__Exercise prompt__
Write out exactly the line containing "Объем бомбочки составляет" along with each line that follows it in the records below, and no others.

■ ■ ■ ■ ■ ■ ■

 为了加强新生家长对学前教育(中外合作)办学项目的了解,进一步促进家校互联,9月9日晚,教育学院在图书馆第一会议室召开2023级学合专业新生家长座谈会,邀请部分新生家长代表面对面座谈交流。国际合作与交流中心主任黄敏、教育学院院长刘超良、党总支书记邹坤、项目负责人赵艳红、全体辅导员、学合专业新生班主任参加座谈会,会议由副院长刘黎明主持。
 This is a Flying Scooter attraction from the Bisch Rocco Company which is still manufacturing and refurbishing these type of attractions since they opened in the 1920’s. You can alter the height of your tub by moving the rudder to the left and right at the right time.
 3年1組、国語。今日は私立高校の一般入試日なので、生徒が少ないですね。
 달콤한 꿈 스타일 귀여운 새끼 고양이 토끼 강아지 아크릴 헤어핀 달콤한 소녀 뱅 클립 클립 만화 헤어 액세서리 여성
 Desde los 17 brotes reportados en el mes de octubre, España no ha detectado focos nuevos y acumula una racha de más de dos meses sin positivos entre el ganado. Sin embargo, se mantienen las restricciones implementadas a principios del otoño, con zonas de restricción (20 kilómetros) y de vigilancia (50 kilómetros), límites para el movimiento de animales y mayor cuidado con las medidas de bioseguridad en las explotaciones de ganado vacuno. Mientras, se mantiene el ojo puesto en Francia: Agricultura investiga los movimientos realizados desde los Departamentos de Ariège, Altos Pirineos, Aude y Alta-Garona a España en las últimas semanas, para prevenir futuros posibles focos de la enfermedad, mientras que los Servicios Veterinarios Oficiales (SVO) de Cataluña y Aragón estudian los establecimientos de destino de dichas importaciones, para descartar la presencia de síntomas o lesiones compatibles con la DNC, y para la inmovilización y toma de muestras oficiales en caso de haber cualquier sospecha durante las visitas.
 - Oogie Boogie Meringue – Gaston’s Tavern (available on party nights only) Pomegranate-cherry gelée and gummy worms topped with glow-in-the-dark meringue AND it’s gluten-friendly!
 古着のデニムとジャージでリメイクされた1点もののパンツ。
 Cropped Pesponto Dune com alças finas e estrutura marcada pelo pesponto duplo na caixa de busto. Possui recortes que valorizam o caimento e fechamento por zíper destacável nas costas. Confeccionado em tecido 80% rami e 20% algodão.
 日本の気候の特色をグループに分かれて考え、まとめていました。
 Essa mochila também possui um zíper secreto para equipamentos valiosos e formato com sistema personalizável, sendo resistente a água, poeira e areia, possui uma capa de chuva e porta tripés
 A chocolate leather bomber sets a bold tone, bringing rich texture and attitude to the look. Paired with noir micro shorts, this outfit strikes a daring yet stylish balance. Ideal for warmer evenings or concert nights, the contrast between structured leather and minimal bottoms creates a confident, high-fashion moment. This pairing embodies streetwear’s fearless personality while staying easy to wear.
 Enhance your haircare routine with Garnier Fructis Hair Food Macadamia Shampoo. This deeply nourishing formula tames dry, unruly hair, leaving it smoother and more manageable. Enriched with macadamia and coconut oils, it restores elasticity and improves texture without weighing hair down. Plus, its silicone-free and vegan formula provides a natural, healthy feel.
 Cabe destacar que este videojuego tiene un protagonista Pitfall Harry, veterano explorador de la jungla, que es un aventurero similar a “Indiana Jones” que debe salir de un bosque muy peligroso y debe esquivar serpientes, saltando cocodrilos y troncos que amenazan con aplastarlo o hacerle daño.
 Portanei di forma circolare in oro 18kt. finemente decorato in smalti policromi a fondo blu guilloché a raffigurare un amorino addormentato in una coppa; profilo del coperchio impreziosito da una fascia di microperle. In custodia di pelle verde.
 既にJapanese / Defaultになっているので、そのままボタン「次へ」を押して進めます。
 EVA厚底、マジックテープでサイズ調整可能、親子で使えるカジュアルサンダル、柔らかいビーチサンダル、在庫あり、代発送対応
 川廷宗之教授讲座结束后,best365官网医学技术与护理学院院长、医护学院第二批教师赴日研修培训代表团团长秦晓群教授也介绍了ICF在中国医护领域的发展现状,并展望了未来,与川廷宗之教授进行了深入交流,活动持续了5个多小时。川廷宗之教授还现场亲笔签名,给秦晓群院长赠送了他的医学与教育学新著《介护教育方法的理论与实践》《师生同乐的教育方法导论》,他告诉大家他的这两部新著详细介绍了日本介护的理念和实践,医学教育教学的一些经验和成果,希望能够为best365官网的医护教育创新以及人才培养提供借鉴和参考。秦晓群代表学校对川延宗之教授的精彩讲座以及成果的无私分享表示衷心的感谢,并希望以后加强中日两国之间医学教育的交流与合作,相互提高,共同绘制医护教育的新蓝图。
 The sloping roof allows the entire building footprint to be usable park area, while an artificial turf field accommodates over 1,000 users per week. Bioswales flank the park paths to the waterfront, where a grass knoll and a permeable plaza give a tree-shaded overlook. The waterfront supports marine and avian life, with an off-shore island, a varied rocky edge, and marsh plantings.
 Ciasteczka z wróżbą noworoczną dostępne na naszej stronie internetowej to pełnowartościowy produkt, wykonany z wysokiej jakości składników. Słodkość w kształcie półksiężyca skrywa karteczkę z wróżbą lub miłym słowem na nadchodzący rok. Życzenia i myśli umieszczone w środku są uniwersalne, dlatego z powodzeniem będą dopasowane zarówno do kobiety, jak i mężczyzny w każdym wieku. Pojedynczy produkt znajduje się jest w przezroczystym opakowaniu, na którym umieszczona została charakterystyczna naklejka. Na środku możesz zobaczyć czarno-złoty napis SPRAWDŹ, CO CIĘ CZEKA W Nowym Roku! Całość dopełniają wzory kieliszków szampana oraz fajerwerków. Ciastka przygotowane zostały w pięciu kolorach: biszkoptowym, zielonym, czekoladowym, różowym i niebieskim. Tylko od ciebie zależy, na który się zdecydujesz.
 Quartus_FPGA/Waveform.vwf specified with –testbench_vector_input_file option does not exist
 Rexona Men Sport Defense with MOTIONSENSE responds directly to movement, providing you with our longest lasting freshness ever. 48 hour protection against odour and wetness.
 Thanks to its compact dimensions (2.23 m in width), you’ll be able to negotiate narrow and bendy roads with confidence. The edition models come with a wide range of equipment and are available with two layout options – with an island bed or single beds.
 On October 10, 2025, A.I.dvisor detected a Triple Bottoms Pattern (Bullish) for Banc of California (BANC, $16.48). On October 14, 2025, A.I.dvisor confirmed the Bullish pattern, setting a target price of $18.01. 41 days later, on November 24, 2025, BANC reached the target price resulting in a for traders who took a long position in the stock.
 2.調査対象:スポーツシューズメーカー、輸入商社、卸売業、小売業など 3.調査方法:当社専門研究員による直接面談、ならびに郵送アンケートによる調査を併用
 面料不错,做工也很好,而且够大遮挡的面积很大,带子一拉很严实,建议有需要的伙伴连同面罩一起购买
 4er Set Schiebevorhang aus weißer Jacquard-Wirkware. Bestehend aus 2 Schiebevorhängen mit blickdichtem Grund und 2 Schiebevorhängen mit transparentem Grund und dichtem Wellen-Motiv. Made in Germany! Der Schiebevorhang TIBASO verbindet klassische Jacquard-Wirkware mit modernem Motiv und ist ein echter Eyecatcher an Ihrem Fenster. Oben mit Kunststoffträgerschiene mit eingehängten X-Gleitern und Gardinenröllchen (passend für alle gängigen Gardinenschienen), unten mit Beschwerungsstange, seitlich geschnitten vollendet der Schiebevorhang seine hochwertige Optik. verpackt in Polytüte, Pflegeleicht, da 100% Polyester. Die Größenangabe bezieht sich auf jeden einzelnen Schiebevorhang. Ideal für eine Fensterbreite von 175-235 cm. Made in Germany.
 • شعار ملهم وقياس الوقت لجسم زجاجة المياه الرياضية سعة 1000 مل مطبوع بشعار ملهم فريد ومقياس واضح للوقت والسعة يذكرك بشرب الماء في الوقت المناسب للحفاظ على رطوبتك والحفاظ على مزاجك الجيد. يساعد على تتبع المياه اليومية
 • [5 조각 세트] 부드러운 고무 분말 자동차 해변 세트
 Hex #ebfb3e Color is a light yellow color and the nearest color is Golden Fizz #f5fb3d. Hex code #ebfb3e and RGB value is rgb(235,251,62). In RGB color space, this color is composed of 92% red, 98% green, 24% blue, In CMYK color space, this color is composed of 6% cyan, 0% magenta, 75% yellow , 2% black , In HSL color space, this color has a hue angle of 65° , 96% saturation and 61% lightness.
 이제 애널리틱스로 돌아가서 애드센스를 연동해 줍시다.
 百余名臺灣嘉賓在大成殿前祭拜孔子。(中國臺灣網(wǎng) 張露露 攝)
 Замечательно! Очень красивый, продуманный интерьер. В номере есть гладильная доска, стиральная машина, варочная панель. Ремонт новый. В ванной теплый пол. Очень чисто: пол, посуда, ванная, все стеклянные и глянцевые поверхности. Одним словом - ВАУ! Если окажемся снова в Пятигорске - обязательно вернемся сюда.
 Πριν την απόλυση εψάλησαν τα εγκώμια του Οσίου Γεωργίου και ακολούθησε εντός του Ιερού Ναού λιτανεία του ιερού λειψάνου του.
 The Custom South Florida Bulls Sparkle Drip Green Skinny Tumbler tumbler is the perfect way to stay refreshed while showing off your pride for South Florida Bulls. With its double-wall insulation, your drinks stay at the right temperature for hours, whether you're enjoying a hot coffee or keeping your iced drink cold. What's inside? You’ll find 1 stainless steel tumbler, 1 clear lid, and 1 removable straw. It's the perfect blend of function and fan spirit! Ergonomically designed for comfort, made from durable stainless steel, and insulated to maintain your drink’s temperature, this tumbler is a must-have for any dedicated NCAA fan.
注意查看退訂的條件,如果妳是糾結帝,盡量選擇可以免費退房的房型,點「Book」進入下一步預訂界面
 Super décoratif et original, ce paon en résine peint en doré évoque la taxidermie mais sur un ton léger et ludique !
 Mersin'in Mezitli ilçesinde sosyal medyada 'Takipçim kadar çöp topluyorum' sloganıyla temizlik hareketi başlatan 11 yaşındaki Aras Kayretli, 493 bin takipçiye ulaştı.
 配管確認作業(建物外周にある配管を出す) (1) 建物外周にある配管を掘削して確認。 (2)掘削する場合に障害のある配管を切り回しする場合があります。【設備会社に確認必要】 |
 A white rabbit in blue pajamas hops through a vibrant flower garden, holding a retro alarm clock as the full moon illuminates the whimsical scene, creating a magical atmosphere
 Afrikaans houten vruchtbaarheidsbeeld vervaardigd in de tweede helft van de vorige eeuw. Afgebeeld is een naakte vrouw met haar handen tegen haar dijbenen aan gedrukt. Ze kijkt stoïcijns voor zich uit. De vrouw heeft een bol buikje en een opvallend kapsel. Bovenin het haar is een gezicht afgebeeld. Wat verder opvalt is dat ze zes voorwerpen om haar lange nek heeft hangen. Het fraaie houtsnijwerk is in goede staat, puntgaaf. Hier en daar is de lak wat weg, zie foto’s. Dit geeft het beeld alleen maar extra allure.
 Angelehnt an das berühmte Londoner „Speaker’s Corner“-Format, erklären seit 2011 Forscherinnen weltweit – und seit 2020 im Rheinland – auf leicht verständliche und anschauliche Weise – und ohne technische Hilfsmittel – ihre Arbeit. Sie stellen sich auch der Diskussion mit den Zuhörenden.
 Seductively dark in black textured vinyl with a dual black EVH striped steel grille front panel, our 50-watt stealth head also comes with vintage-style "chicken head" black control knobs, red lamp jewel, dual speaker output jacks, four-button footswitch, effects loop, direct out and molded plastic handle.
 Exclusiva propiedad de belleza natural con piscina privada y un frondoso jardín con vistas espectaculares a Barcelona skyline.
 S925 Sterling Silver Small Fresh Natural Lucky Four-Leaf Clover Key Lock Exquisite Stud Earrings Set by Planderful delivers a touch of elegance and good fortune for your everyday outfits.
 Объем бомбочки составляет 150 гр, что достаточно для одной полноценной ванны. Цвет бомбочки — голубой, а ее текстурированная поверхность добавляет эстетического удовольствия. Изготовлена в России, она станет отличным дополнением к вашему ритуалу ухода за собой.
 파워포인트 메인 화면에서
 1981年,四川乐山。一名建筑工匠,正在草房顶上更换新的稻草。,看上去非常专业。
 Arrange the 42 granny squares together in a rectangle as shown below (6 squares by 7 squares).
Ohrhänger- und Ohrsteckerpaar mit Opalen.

■ ■ ■ ■ ■ ■ ■

__Output__
 Объем бомбочки составляет 150 гр, что достаточно для одной полноценной ванны. Цвет бомбочки — голубой, а ее текстурированная поверхность добавляет эстетического удовольствия. Изготовлена в России, она станет отличным дополнением к вашему ритуалу ухода за собой.
 파워포인트 메인 화면에서
 1981年,四川乐山。一名建筑工匠,正在草房顶上更换新的稻草。,看上去非常专业。
 Arrange the 42 granny squares together in a rectangle as shown below (6 squares by 7 squares).
Ohrhänger- und Ohrsteckerpaar mit Opalen.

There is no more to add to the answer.